It pleases her that her entrance causes so much attention.  She and Tony are going to be noticed for the rest of their lives.  That's a sure fact.  Angie is still in awe at how quiet it is.  Because of her voice.  A huge voice, something she has lived with all her life.  It is a dangerous grasp; uncompromising and deep as a violent man's.  The steady menace of someone who knows how to kill.  Angie likes her voice.  It gives her respect.  She knows she's smart, that she thinks higher than what comes out of her mouth.

She realizes everyone in the restaurant is curious of what she will say next.  She can hear buzzers in the kitchen ringing up a new order of lasagna.  Angie has the room.  The old coupleare back in focus.  They avoid her eyes and she decides to continue. 

"Tony's twin was named Christopher, like Saint Christopher, my family's patron saint.  It happened six months ago.  We took the baby boys in to the doctor to be checked up, you know, just shots and stuff.  Chris gets four shots for flu, like a baby flu, and some other stuff, chicken pox I think, and suddenly he dies, in a matter of minutes, just like that, in front of my eyes.  The other one, Tony, he's fine.  Can you believe it?  I was pretty shook up. This is my first lunch out with my family."

The old woman's eyes become bright.

"Did you sue?"

"WHAT?"

Angie realizes she is talking into shadows.  Two old nothings.

"What did you say to me?"

Silence.  That didn't happen where she came from.  Too much to think about.  She was taught to avoid court, lawyers, judges.  A matter of pride, of family.

"Where the hell is my waitress?  Enough already."

Angie's hair is black as her grandmother's from Naples, and she has let it grow into an 
immense, permed tangle because it reminds her of Maria Schneider in "Last Tango In Paris".  She shakes her hair and tries to fluff it, sticking her long pink nails in it like a fork.  She's proud of her breasts.  They're a double D cup and men like that.  She keeps them up and out, with her lace blouse open to the brassiere so everyone can get a load of her line.  She thought they might shrink after nursing the twins but no such luck.  Still, they look great above a white tablecloth in a big red leather booth like this.

Tony looks at his mother and chews out several monosyllables, then begins to cry, banging the sides of his high chair.  Slowly Angie turns her head and glares at the child.  He becomes still.

"I'm hungry too, and I don't want any crap from you, you hear?"  Angie quietly strokes his forehead.  The old couple leave without saying goodbye.  She hates them.

It has been like this ever since she came to this cruddy town.  People ignoring her, even in the hospital.  She remembered screaming at the nurses, the doctor.  How they put restraining device on her and she broke out of it.  How all she heard were the palms blowing outside and the ding-dong of the intercom.

Angie becomes reluctant and soft.  As soft as she knows.

"That's my boy.  You were a good boy today.  You're going to get that commercial, Tony my boy, and we're going to be rich."

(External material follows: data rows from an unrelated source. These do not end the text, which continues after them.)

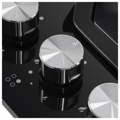 Панель выполнена в классическом черном цвете из закаленного стекла, которое не только придает кухне современный и строгий вид, но и отличается исключительной прочностью и устойчивостью к высоким температурам. Окантовка из нержавеющей стали дополняет образ, обеспечивая дополнительную защиту и долговечность. Большие и интуитивно понятные поворотные переключатели из металла гарантируют точный контроль пламени и легкость в уходе.
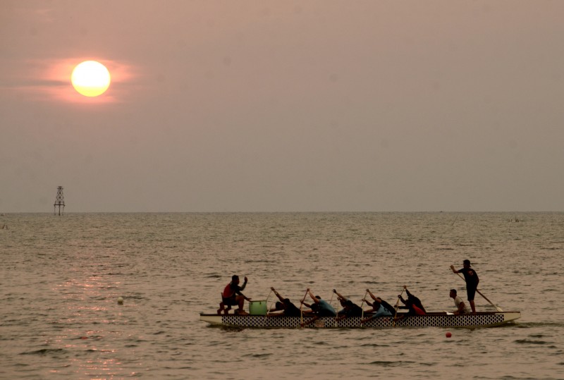 Atlet dayung melakukan latihan menjelang ajang International Dragon Boat Festival di Pantai Losari, Makassar, Sulawesi Selatan, Kamis (5/11). Festival Perahu Naga akan berlangsung pada 7-8 November 2015 di kawasan Pantai Losari diikuti enam negara, yakni Indonesia, Hongkong, Singapore, Malaysia, Iran, dan Filipina.
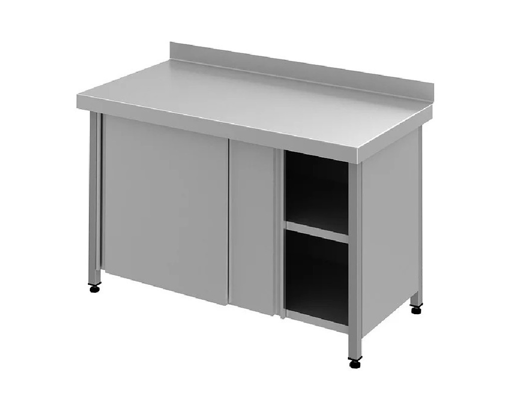 Столешница и двери шкафа выполнены из высококачественной нержавеющей стали, а подложка — из ламинированной древесно-стружечной плиты толщиной 16 мм. С покрытием из нержавеющей стали AISI 304. В стандартную комплектацию входит борт высотой 60 мм.
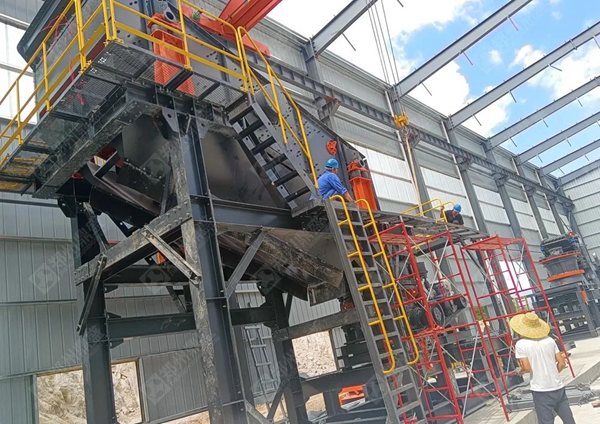 广西时产300吨花岗岩破碎制砂项目由郑州888集团welcome大厅总承包建设,从项目施工到投产运营,郑州888集团welcome大厅提供一体化服务。近日,该项目正在安装阶段,其中粗碎颚破模块、中碎圆锥模块安装完成。
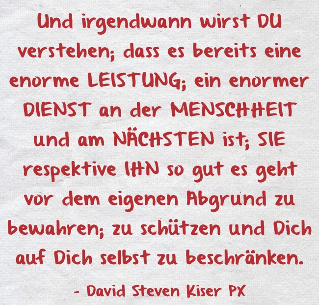 "Und irgendwann wirst DU verstehen; dass es bereits eine enorme LEISTUNG; ein enormer DIENST an der MENSCHHEIT und am NÄCHSTEN ist; SIE respektive IHN so gut es geht vor dem eigenen Abgrund zu bewahren; zu schützen und Dich auf Dich selbst zu beschränken."
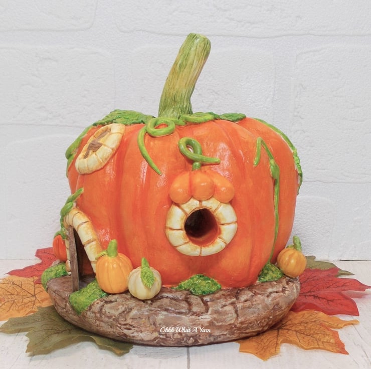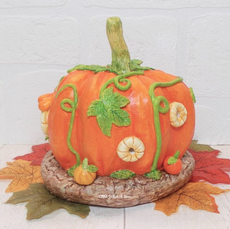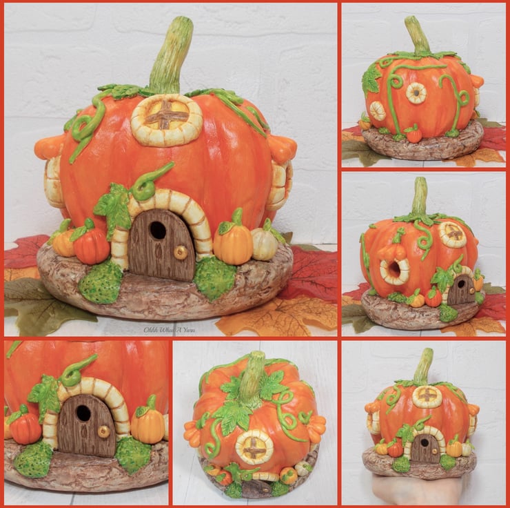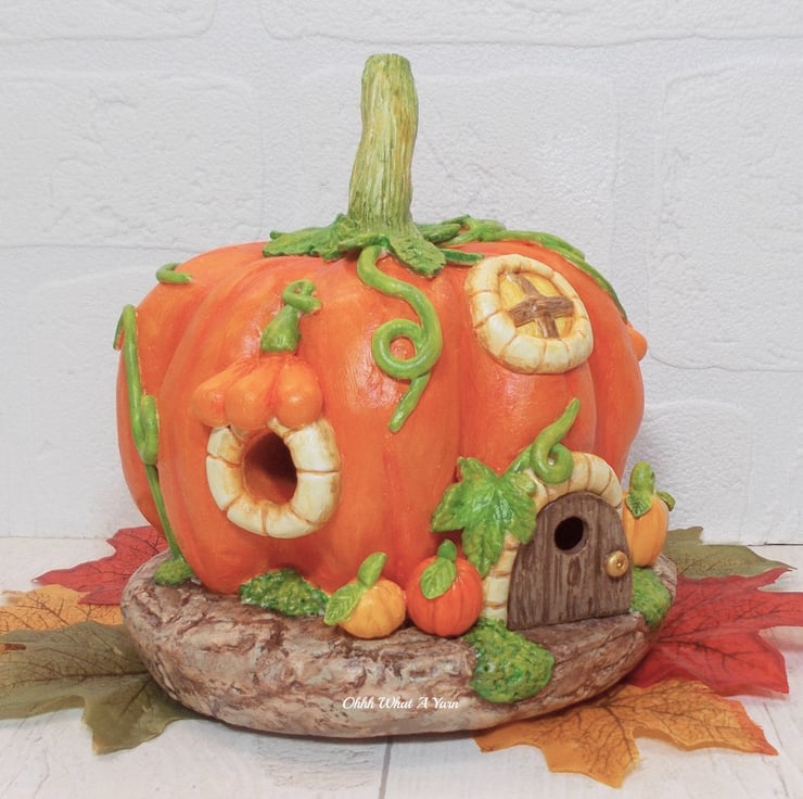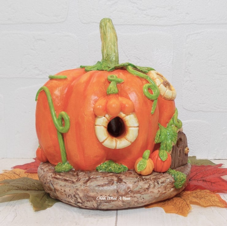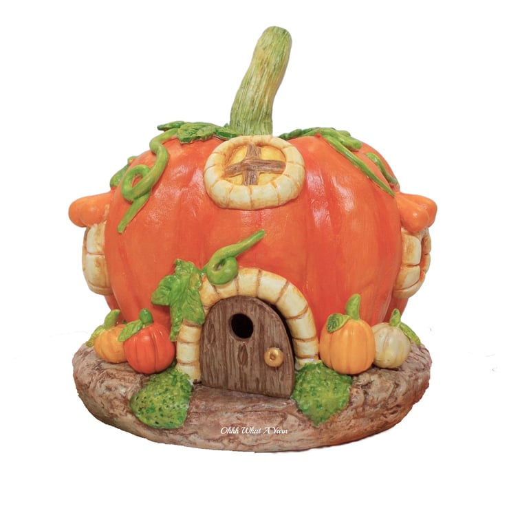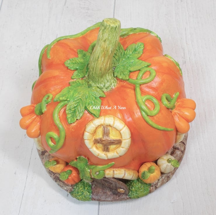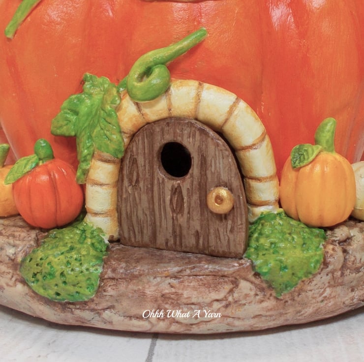 Pumpkin Cottage has a slightly ajar front door and lots of decorative vines and leaves. It has round windows and teeny pumpkins around the stone effect base.
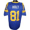Torry Holt was named to the Pro Bowl seven times and retired with the 10th most receiving yards in NFL history, including a record six consecutive seasons with 1,300 yards. He played college football at North Carolina State University, and earned consensus All-American honors. He was drafted by the St. Louis Rams in the first round of the 1999 NFL Draft, and spent the next ten years with the Rams and is remembered as one of the members of the "Greatest Show on Turf." This is an Torry Holt St. Louis Rams unsigned Blue TB unlicensed custom-prostyle jersey with twill stitched nameplate and numbers. perfect for autograph or to wear! Size XL
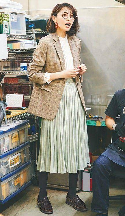 淡绿色百褶裙出现的那一刻,让棕色乐福鞋有了救赎,一脚蹬的设计,穿脱方便,亮面牛皮更是充满着复古质感,越穿越有味道。

Suddenly their waitress is everywhere, hovering over them.  Her name card reads Nina and she is a fat thing with pink orange hair and mosquito bites.

"I wondered when you were coming.  I'm starved.  And I have a hungry baby, too.  Do you want him to start crying again?"

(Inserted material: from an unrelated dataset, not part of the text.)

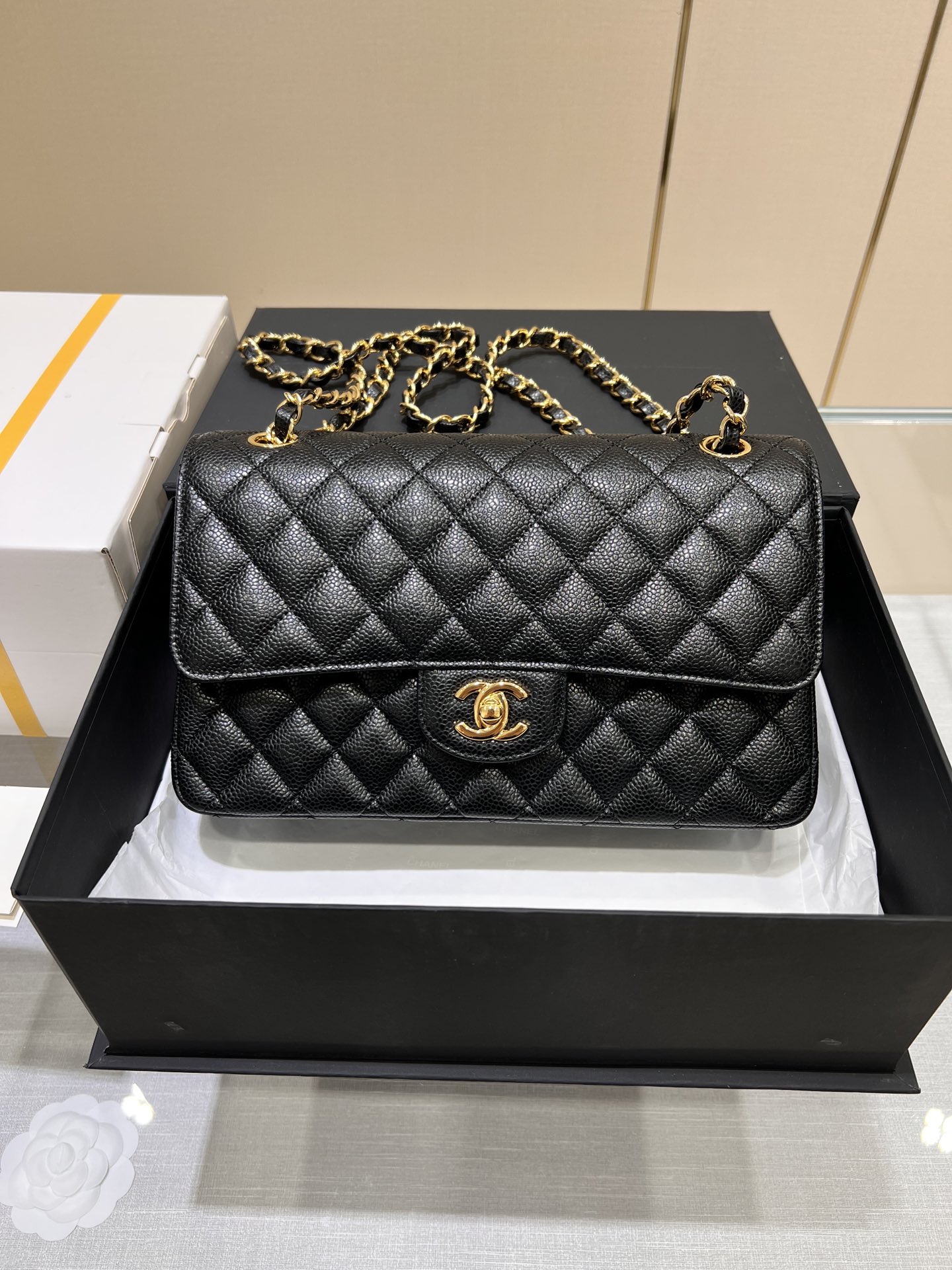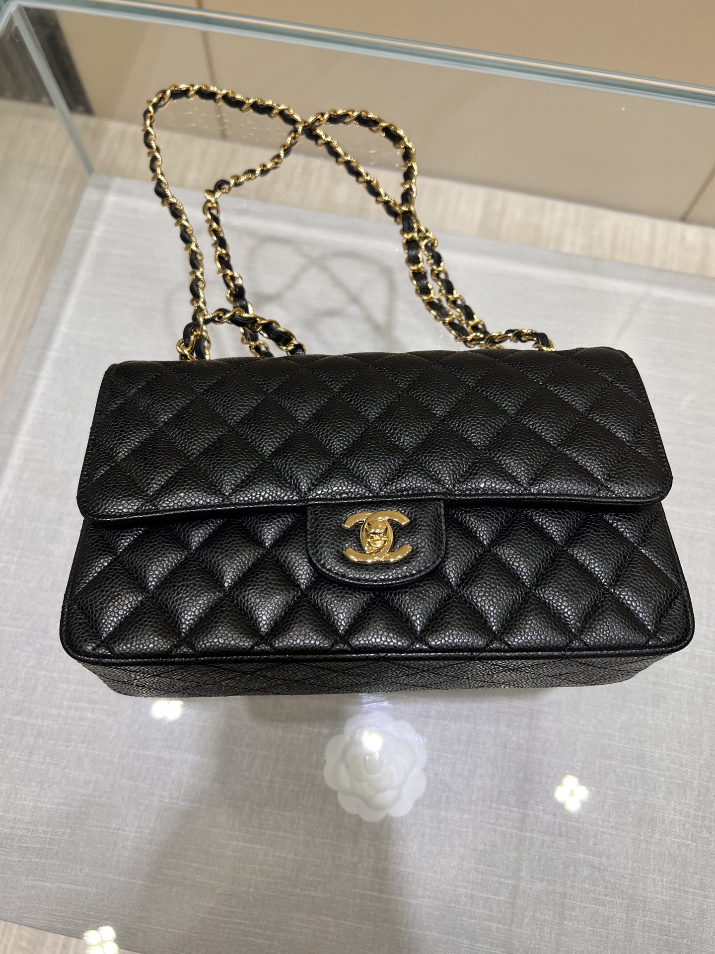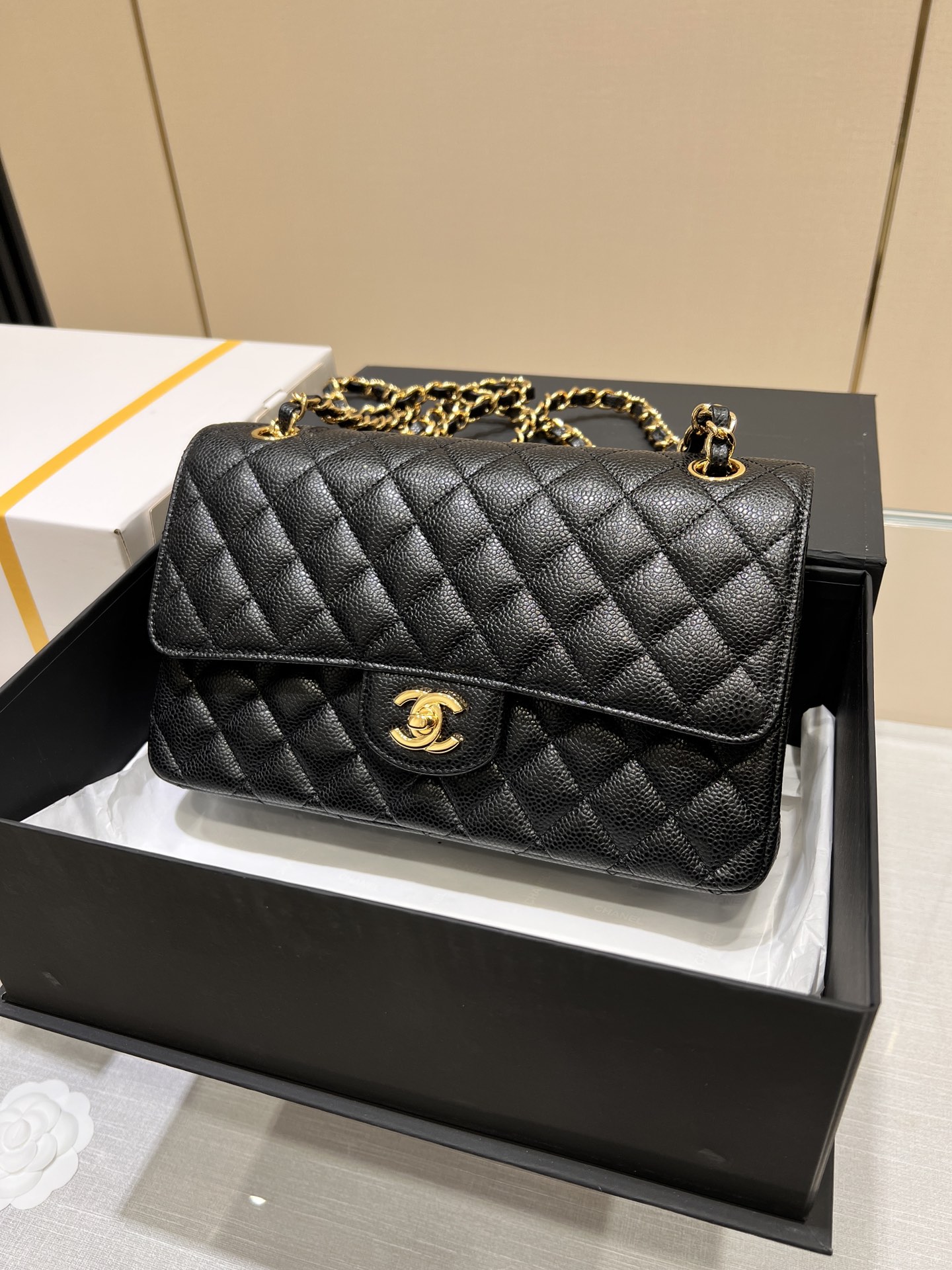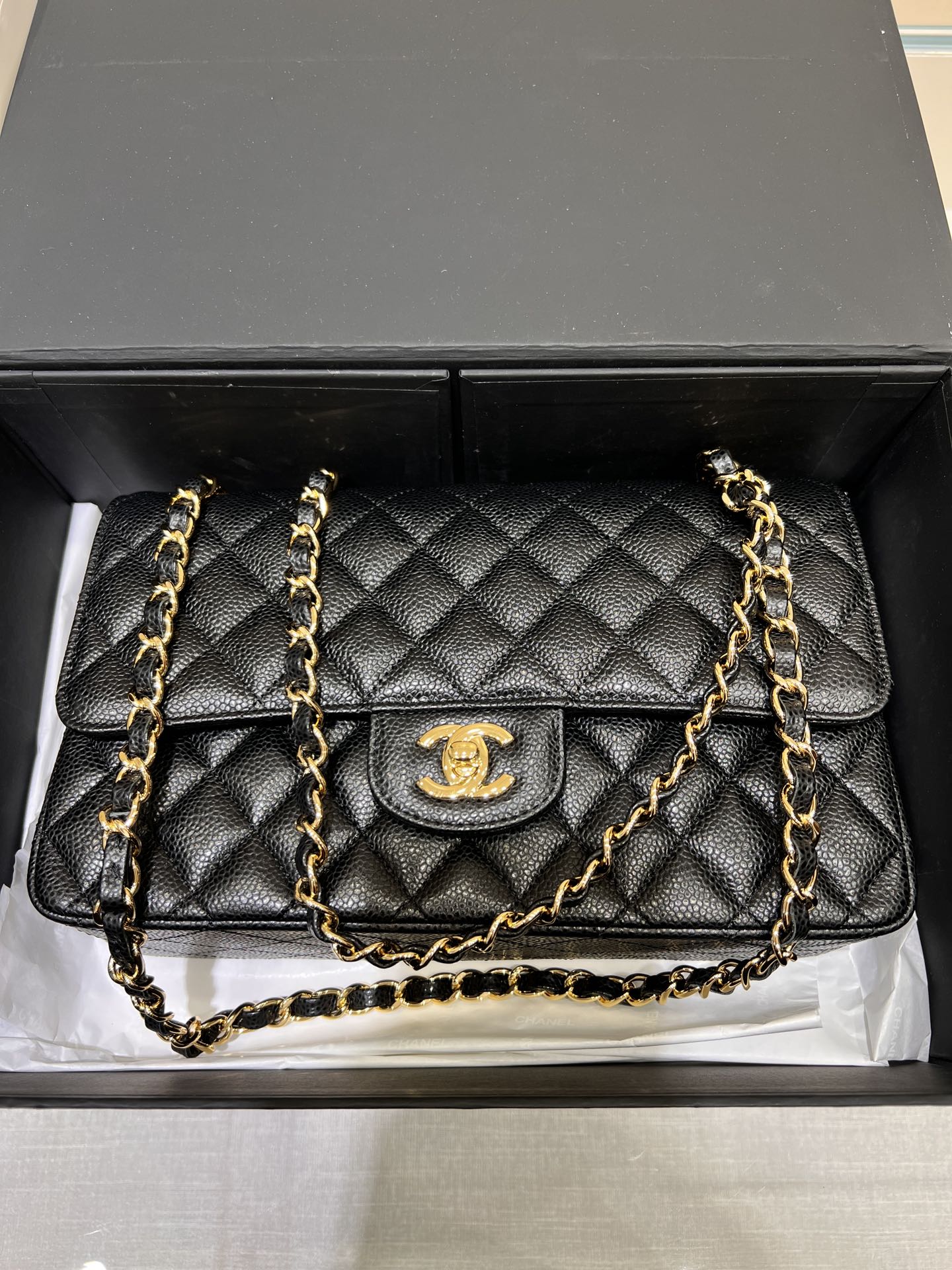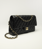This is a replica CHANEL Classic 11.12 Flap Bag Lambskin & Gold-Tone Metal Black. This classic double flap bag comes in black grained calfskin featuring gold-tone hardware. Open pocket on the back. Closes with classic CC-turn-lock on the front. Zipper pocket inside the flap. Outside pocket on the front under the flap. Lined in burgundy leather with two open and a lipstick pocket against the back. CC stitching on the inside flap. ,Size,

"Please ma'am.  I have to ask you to keep your voice down.  I'm sorry."

"You're sorry?  Listen honey, I've had this voice all my life, and when I whisper it gets 
even louder.  You got it?"  Angie hears giggles from another booth, and laughter from a drunk sitting at the bar.  She decides to continue, addressing the room, banging a knife against her water glass.

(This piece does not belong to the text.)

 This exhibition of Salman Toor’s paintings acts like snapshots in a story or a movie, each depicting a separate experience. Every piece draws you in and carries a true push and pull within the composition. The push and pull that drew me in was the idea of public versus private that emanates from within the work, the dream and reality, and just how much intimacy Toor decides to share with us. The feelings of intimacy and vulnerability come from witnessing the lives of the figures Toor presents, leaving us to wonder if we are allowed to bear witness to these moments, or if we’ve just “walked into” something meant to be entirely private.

"Attention!  Sorry everybody, but you'll have to put up with my voice.  It's the only one I got."  Angie hears scattered applause.  The waitress purses her lips, pretending to write something, anything, down on her pad.  Angie thinks to herself, when I take over this place, I'll fire her fat ass.

"Will there be two?"

"No, three.  I'm waiting for my husband."

Nina seems to be relieved.  Angie realizes this woman is frightened, but she doesn't see why.  What is so frightening about a young mother with a big voice and a cute baby boy?  She taps her nails on the table and stares up at the waitress.

"Finally some service." 

"Our kitchen is understaffed today."

"Well.  Okay.  I turned twenty-one last week.  You got any house cocktails?  Something fun?"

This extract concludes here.